As the city moves to close a homeless tent city in Middlebury, the mayor’s staff is backing a proposal by the private property owner to open the first of what could be many boarding homes for the homeless in Akron.

In a notice issued Dec. 6, city administrators gave Sage Lewis 30 days to have any remaining tenants out of tents pitched behind his commercial property at 15 Broad St. Lewis has 20 days to appeal the notice. His attorneys have said they’ll seek a court order to block the eviction.

As the two sides prepare to meet in court, Lewis has filed a conditional zoning request to double the number of tenants he can put in a single-family home his nonprofit organization, the Homeless Charity, purchased at 85 Kent Place. The house borders the tent city.

City planners have recommended approval, allowing 10 homeless people to move into the home. The municipal code limits single-family dwellings to five unrelated residents.

The boarding house plan is part of Lewis’ “mission” to help homeless people in the “space” between living on the street and finding a suitable home or apartment. “We have several great housing providers in Akron,” Lewis said. “But this transitional space seems ripe for opportunity. I’d like to see if the city will let me do this 10-person housing plan again.”

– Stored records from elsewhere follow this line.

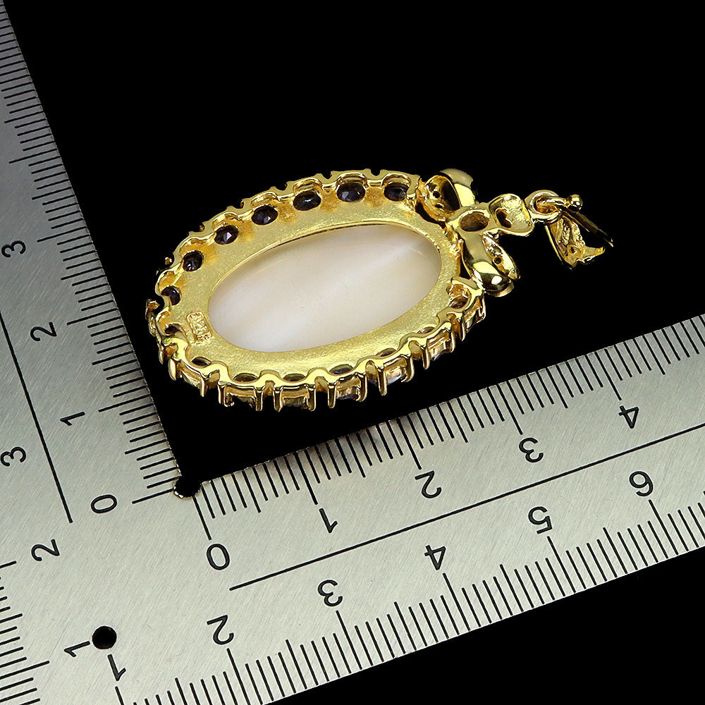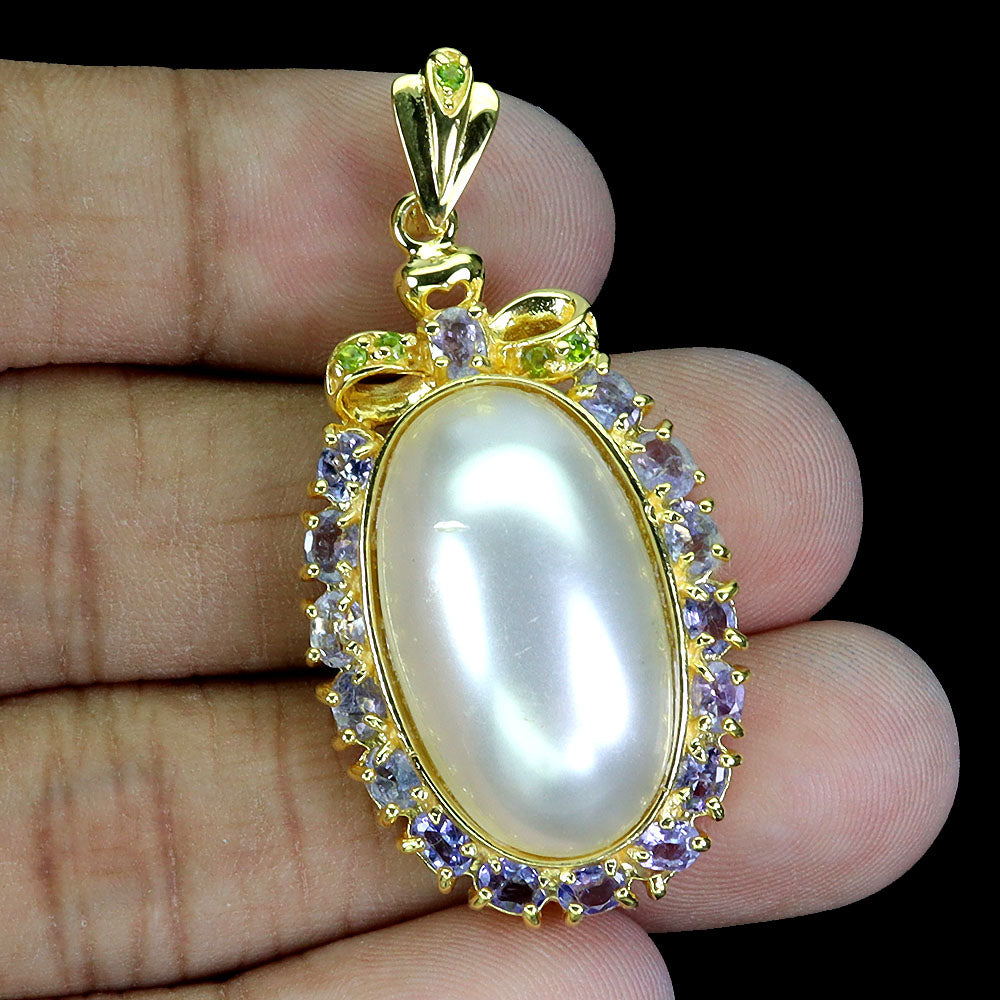 925 Sterling Silver Pendant Oval Tanzanite 4x3mm Chrome Diopside Pearl Gemstone
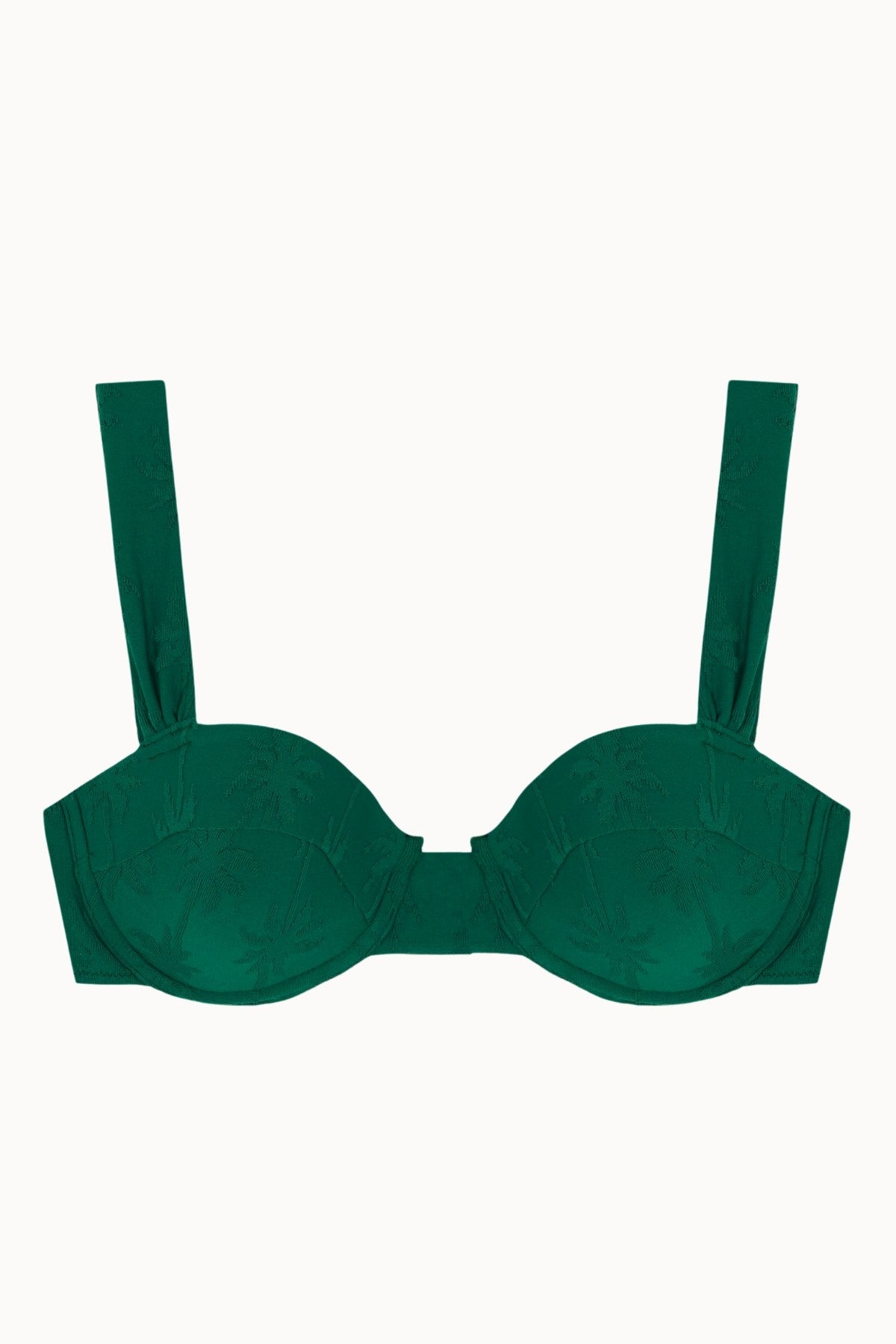 Top de Bikini Balconet en Jacquard con Palmeras Verde Botella
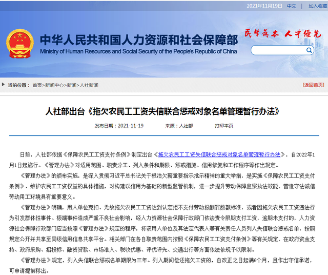 本帖最后由 柠檬的向日葵 于 2021-11-22 10:36 编辑 据人社部网站消息,日前,人社部依据《保障农民工工资支付条例》制定出台《拖欠农民工工资失信联合惩戒对象名单管理暂行办法》,自2022年1月1日起施行。 ...

“I’m not looking to house these people forever. I’m just looking to hold them until they’re ready to move into more permanent housing,” he said.

In addition, Summit County Land Bank Executive Director Patrick Bravo said his agency, which reutilizes abandoned and vacant property, is ready to sell Lewis an even bigger house at 47 N. Arlington St. for $4,600. Monday afternoon, Lewis said a real estate agent he’d never met before approached him with an offer from a bank to gift the homeless a third home. A board member for the Homeless Charity went out to view the house.

As a private charity accepting no financial housing assistance or restrictions from the federal government, Lewis would use the properties to offer immediate, no-barrier housing for homeless people. “If it has a roof that doesn’t leak and all the utilities, it’s pretty much a mansion to these people,” Lewis said, noting that he doesn’t have to run background checks or require government documents that are often missing. “I don’t need their ID. If I’m pretty confident they won’t kill everyone in the house, they can get in.”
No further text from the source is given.